EXERCISE AIM: For this task, output exactly the lines of the material below starting at the line with "TreknEat le spécialiste" and ending at the line with "Прямой вход с"; pictures are to be excluded.
─── DATA SUPPLIED ───
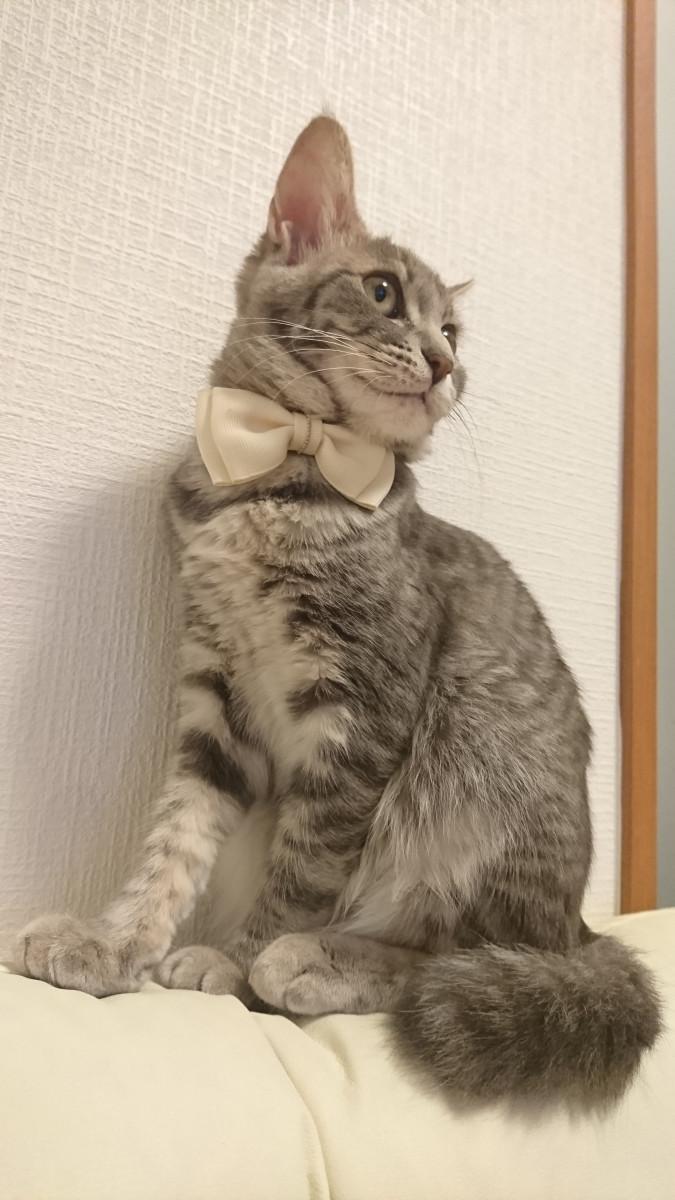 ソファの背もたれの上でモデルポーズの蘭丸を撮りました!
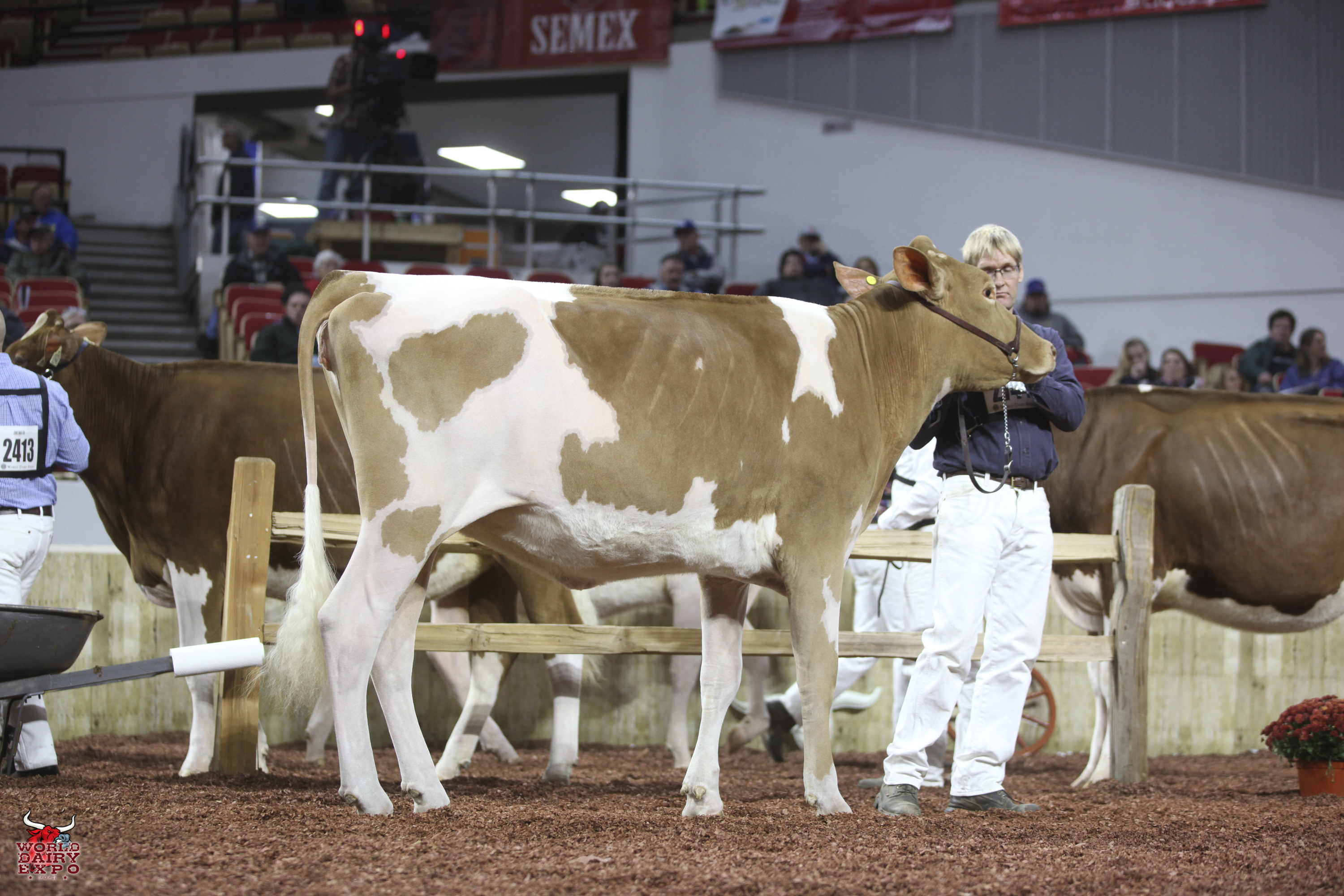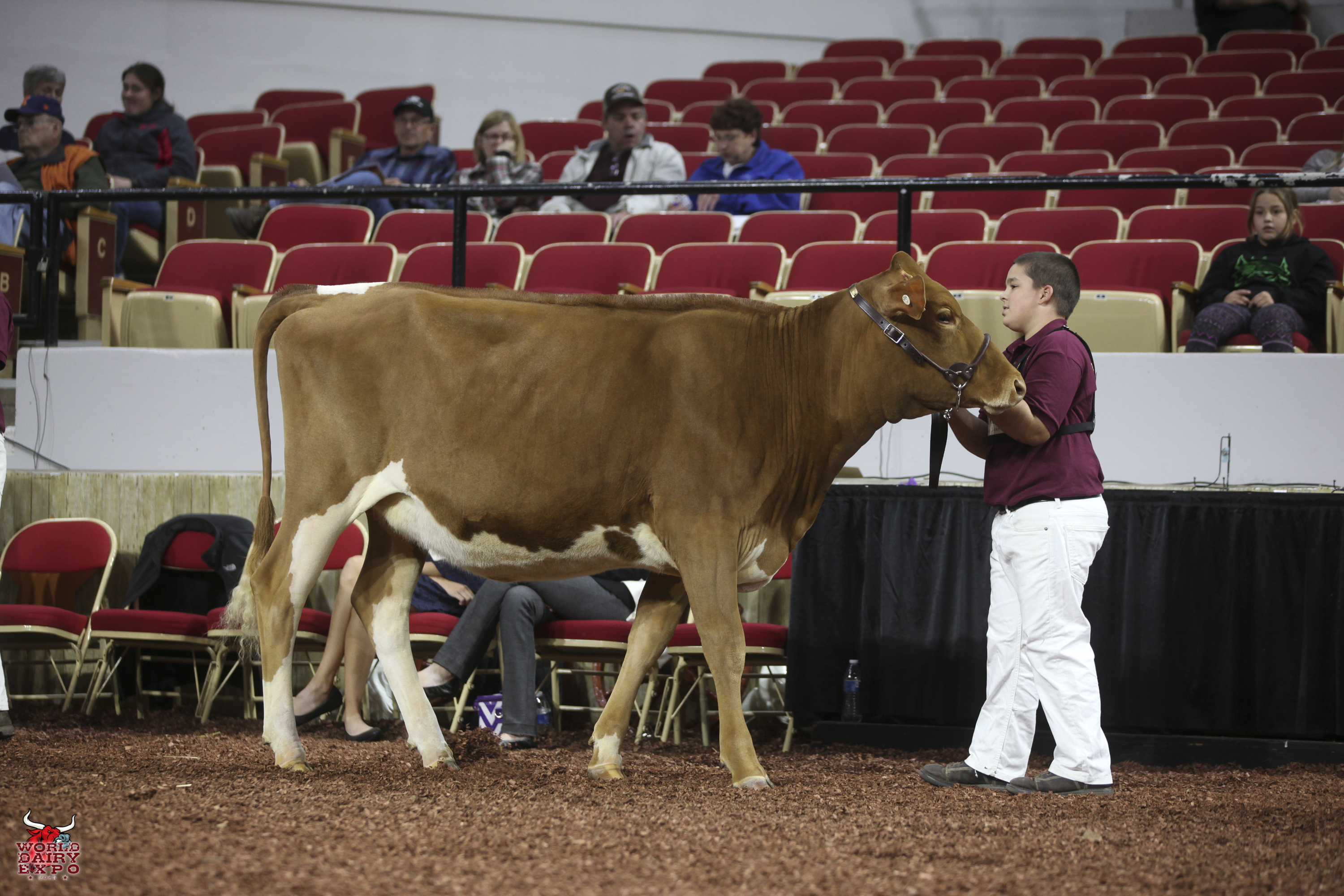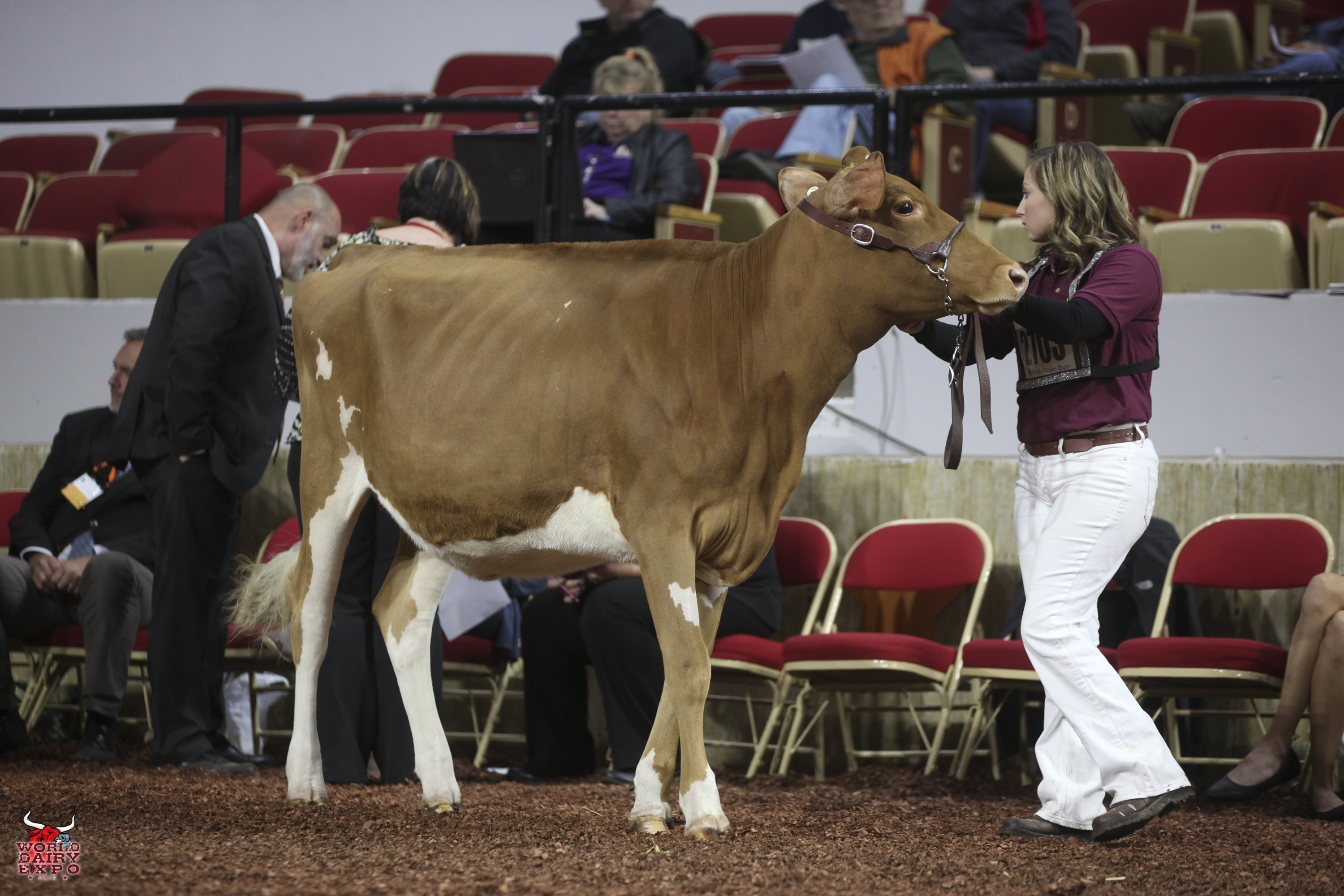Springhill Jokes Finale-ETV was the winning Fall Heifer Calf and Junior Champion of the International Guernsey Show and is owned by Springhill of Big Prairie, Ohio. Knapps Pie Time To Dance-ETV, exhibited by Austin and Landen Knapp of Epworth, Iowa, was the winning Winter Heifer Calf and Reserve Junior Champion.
───
─── DATA SUPPLIED ───
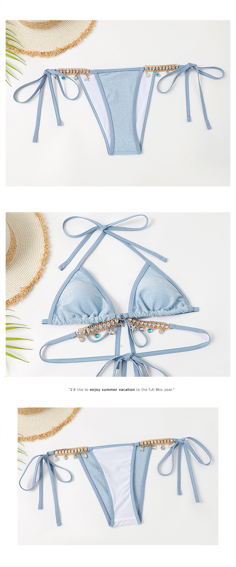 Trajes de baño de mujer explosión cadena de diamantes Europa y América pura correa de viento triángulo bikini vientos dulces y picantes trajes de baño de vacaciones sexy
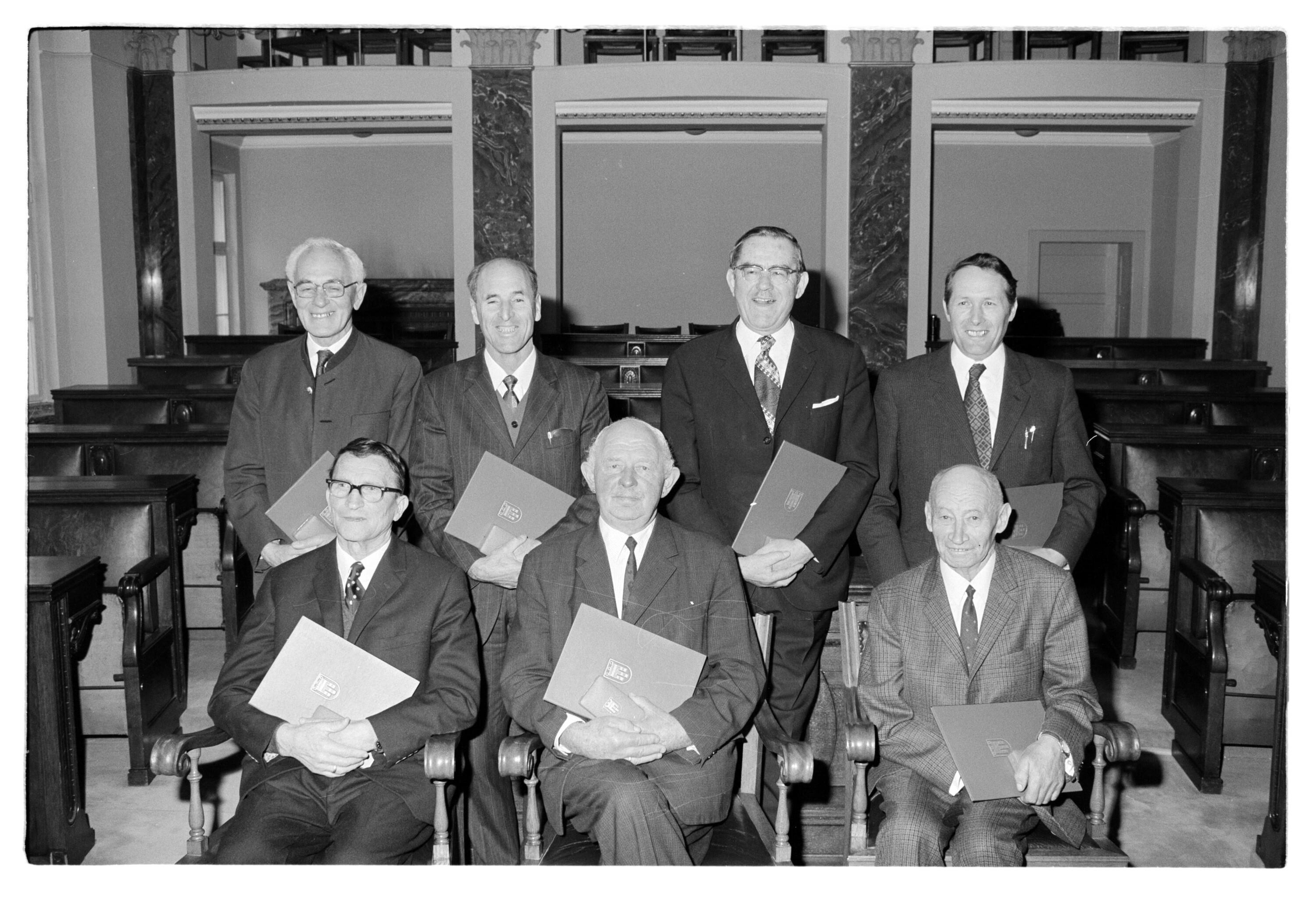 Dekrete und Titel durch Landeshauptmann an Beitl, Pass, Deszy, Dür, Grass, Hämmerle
───
─── DATA SUPPLIED ───
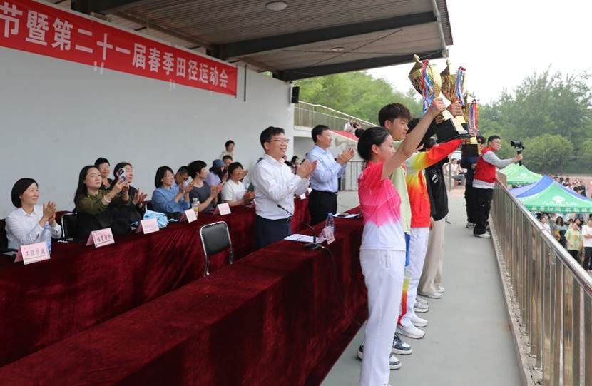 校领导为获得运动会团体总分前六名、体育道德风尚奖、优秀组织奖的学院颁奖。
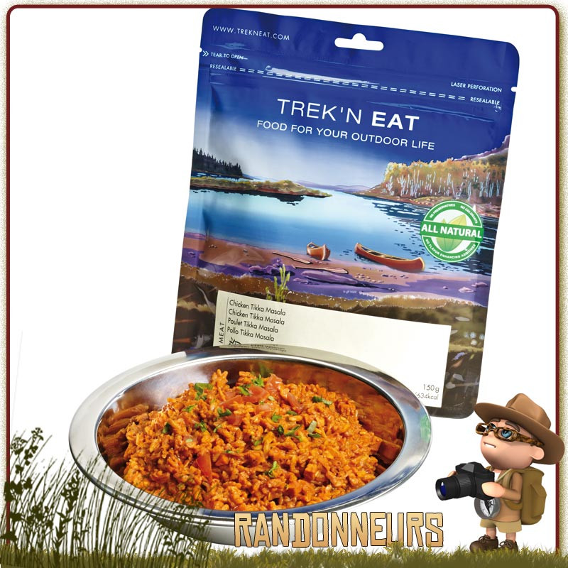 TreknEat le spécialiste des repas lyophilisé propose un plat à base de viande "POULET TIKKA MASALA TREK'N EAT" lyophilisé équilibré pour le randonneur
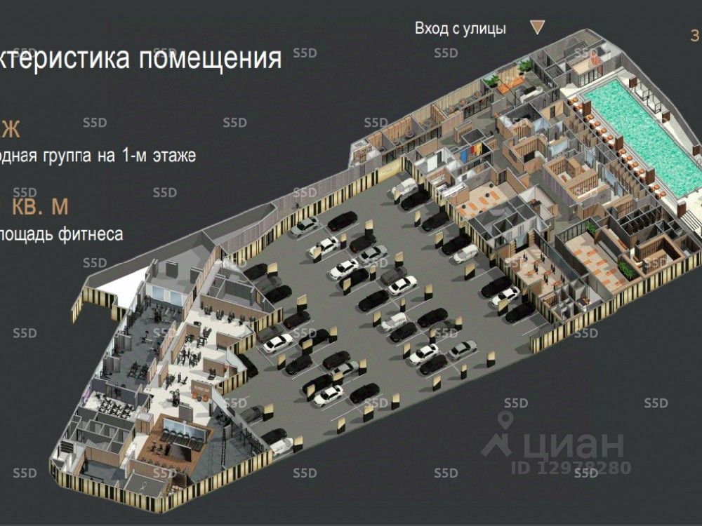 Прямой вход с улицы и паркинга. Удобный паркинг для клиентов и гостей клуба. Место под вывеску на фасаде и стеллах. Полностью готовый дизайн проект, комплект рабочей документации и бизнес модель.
───
SOLUTION FOR THIS EXERCISE:
 TreknEat le spécialiste des repas lyophilisé propose un plat à base de viande "POULET TIKKA MASALA TREK'N EAT" lyophilisé équilibré pour le randonneur
 Прямой вход с улицы и паркинга. Удобный паркинг для клиентов и гостей клуба. Место под вывеску на фасаде и стеллах. Полностью готовый дизайн проект, комплект рабочей документации и бизнес модель.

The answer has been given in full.